I guess that might mean TP7 could be the [dual] drive negative connection, TP6 the positive drive, and TP8 and TP5 are the bridge outputs...

ref Figure 1 of https://www.maximintegrated.com/app-notes/index.mvp/id/871 with the extraneous connection removed

EDIT: Seems to be a possibility. Measured peak differential voltage with 0, 10-15 and ~30 psi (based on bike pump gauge, not digital gauge) are 127, 134 and 140 mV respectively. So it's around 433 uV/psi.
0psi ambient.png 30 psi ~30psi.png
 
Last edited:
Looks a little bit like a motorola mpx series pressure sensor, which are analogue, they have 2 pins for power and the other 2 are differential o/p's, + and -, you can connect these to a differential op amp circuit to amplify the o/p.
 
Yeah I never thought it was a digital sensor, I thought it was a pulsed conversion process with an analogue sensor.

It's a good bet that it is an analogue bridge sensor as you and dr_pepper thought. Now of course if you interface to just the sensor then the rest of the unit can be discarded, it becomes a $4 pressure sensor.

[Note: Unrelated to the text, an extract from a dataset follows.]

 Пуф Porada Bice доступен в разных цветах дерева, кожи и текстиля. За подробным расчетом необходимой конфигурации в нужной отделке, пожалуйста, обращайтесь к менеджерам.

The last pressure sensor I used was one of the new breed that outputs 0-5v DC linearly for it's pressure range of 0-10 PSI. Much much nicer to interface to ADC than a strain bridge type. And it was calibrated and only about $16 if I remember right, so a cheaply made uncalibrated sensor at $4 is not great value (especially if you have to add an opamp etc).
 
Yes its a cheap source of air pressure sensors.
I wonder how the ones you find in vehicles work, a popular gimick is a car dash that tells you all the tyre pressures, makes me wonder if theres one of these in each wheel with a battery, or maybe a rfid type interface similar to the transponder in ignition keys.
 
The last pressure sensor I used was one of the new breed that outputs 0-5v DC linearly for it's pressure range of 0-10 PSI. Much much nicer to interface to ADC than a strain bridge type. And it was calibrated and only about $16 if I remember right, so a cheaply made uncalibrated sensor at $4 is not great value (especially if you have to add an opamp etc).
Yes, that does sound easier to interface. The bridge is fine with me as well. Thanks for your input.

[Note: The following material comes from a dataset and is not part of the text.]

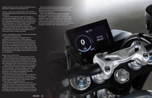 “ We ’ re incredibly proud to be able to share such positive outcomes from the completion of Project Triumph TE 1 , where the prototype demonstrator has exceeded many of our initial targets and expectations . Everyone on the team is thrilled with the results we ’ ve achieved with our partners , and how the outcomes of the project will feed into the electric future to come from Triumph .” Nick Bloor , CEO , Triumph Motorcycles .

Yes its a cheap source of air pressure sensors.
I wonder how the ones you find in vehicles work, a popular gimick is a car dash that tells you all the tyre pressures, makes me wonder if theres one of these in each wheel with a battery, or maybe a rfid type interface similar to the transponder in ignition keys.
Yes, there's one in each wheel and the transmit wirelessly. Search for "tire pressure monitoring system" in google and you'll get a bunch of results, including application notes from Microchip. You can get aftermarket ones too if you wanted to retro fit some; some mount inside the tyre, while others mount on the valve stem.
 
I agree its a sales gimmick that is actually usefull.
I run sheds so I've never had such a thing.